Además, ha recalcado que el PSOE no ofreciendo esta salida como “respuesta frente al independentismo” y ha afirmado que los socialistas son “federalistas desde hace mucho tiempo”. “El PSOE plantea la reforma constitucional no como respuesta al desafío soberanista y a la sed de independencia de una parte minoritaria del pueblo catalán, sino como respuesta a una exigencia latente desde hace muchísimos años en el país”, ha remachado.

En el documento aprobado este domingo, los socialistas también cargan contra el presidente de la Generalitat, Artur Mas, por haber “burlado su condición de representante de todos los catalanes”, prefiriendo “una actuación personal y partidaria”, con la que “ha provocado una grave fractura en una sociedad plural como es la catalana”.

El PSOE reafirma su convicción de que Cataluña es “parte inseparable de España” y su convencimiento de que las “dificultades de reconocimiento” que tiene “pueden y deben resolverse en el marco de una reforma de la Constitución que afecte al conjunto de las comunidades autónomas”.

En el documento, se reafirman en los principios aprobados en Granada, que incluyen el reconocimiento de “las singularidades y hechos diferenciales” de algunas comunidades autónomas y determinar la financiación y las competencias de las entidades locales, mediante un nueva Ley de Bases del Régimen Local y de Haciendas Locales, que garantice la prestación de los servicios públicos básicos a todos los ciudadanos.
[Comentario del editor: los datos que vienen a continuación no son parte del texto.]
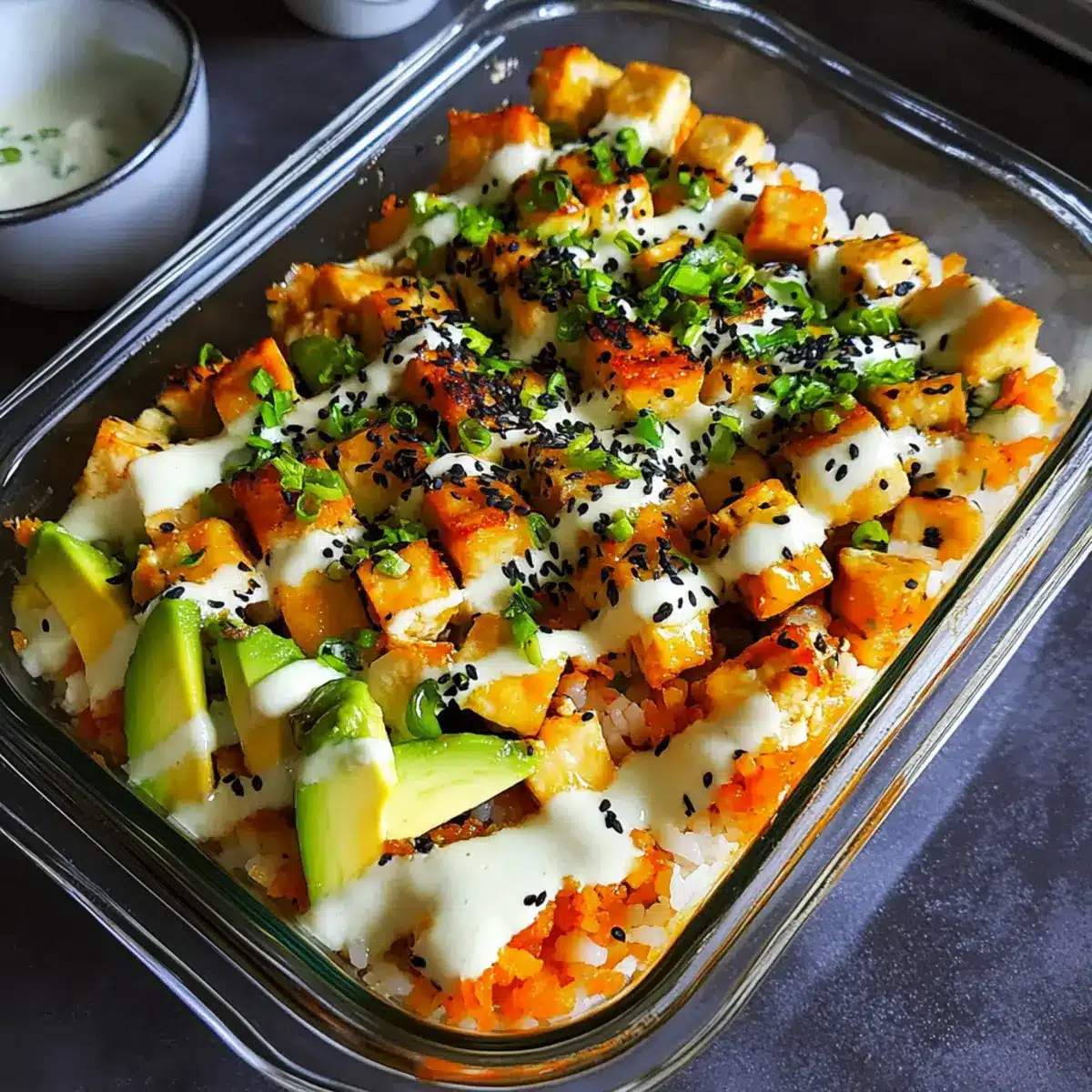 - Preheat your oven to 375°F (190°C). In a greased baking dish, evenly spread the seasoned sushi rice as the bottom layer. Arrange the marinated tofu mixture on top of the rice.
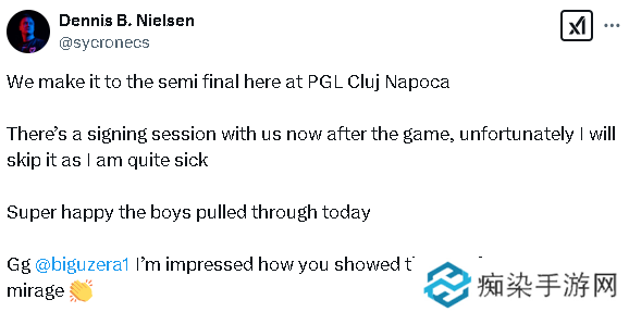 MOUZ教练sycrone:我们成功晋级PGL 克卢日-纳波卡站半决赛。比赛结束后我们有一个签名会,遗憾的是我将缺席,因为我身体不太舒服。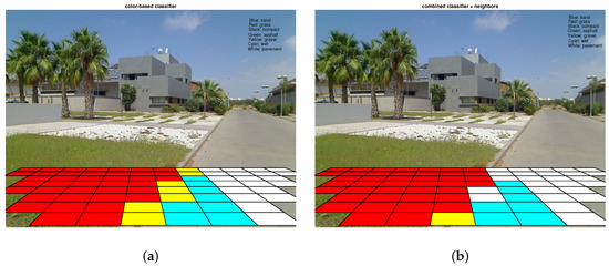 Figure 10 shows results from the first experiment. In this case, sandy soil and pavement are present in the frontal view; the robot is on sandy terrain. This experiment shows the poor performance of the color-based classifier because several patches are misclassified as compact sand (black cells) and as grass (red cells). Furthermore, some patches relating to the pavement are misclassified as sand. The rectified patches dealing with the curbstone do not belong to any particular class, although here they are classified as gravel. This does not represent misclassification because this class (curbstone) was not considered in this research. Observe that the complete classifier improves the former result. In particular, now only 4 patches are misclassified as opposed to 9 misclassified by the color-based classifier (sandy area). Notice that although the robot is actually on sandy terrain, the proposed classifier with the 7-neighbor filter also improves the classification of the patches on pavement (6 patches versus 9 patches by the color-based approach). The complete classifier achieves a misclassification rate of 10% as against the 24.32% of the color-based classifier.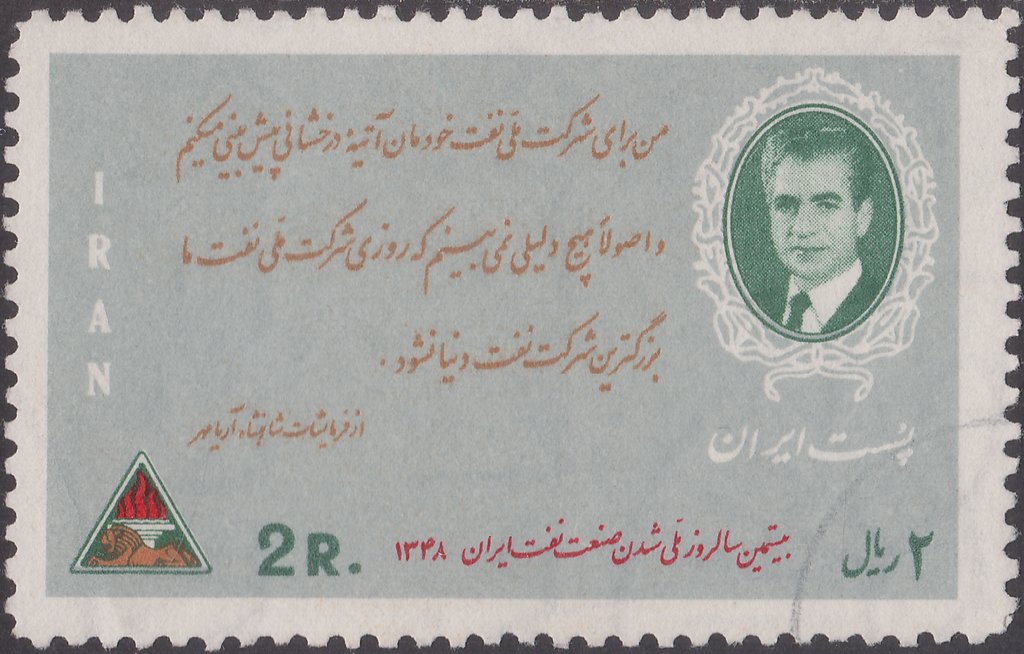 Visibility: public Image owner: none postage 3/20/1970 2r multi issue=20th Anniversary of the Nationalized Iranian oil Industry wmk=arms of Iran in circle perf=10.5 Crops No visible images cropped from this one. Measurements Resolution is unknown. Source Source name: Colnect File URL: http://i.colnect.net/images/b/1716/295/Nationalization-decree--portrait-of-the-Shah-in-the-medallio.jpg Uploaded September 11, 2014, 10:48 pm by Stan Shebs |

“Sabemos que estas propuestas no tienen por qué ser compartidas por todos y también sabemos que otras fuerzas políticas pueden centrar sus iniciativas en otras cuestiones. El resultado de la renovación del acuerdo de ciudadanía, por ello, será distinto de cualquier punto de partida si se persigue, tal y como proponemos los socialistas, desde el diálogo, la negociación y la búsqueda del máximo consenso”, continúa el documento.

El texto también pide impulsar iniciativas de regeneración y limpieza democrática, un asunto que el PSOE quiere incluir en la reforma de la Constitución, dado el “deterioro sin precedentes de la imagen de las principales instituciones del país”, que están “manchadas” por escándalos de corrupción, que incluyen a “tramas que han llegado a financiar ilegalmente al partido del Gobierno, como es el caso de la actual cúpula dirigente del Partido Popular“.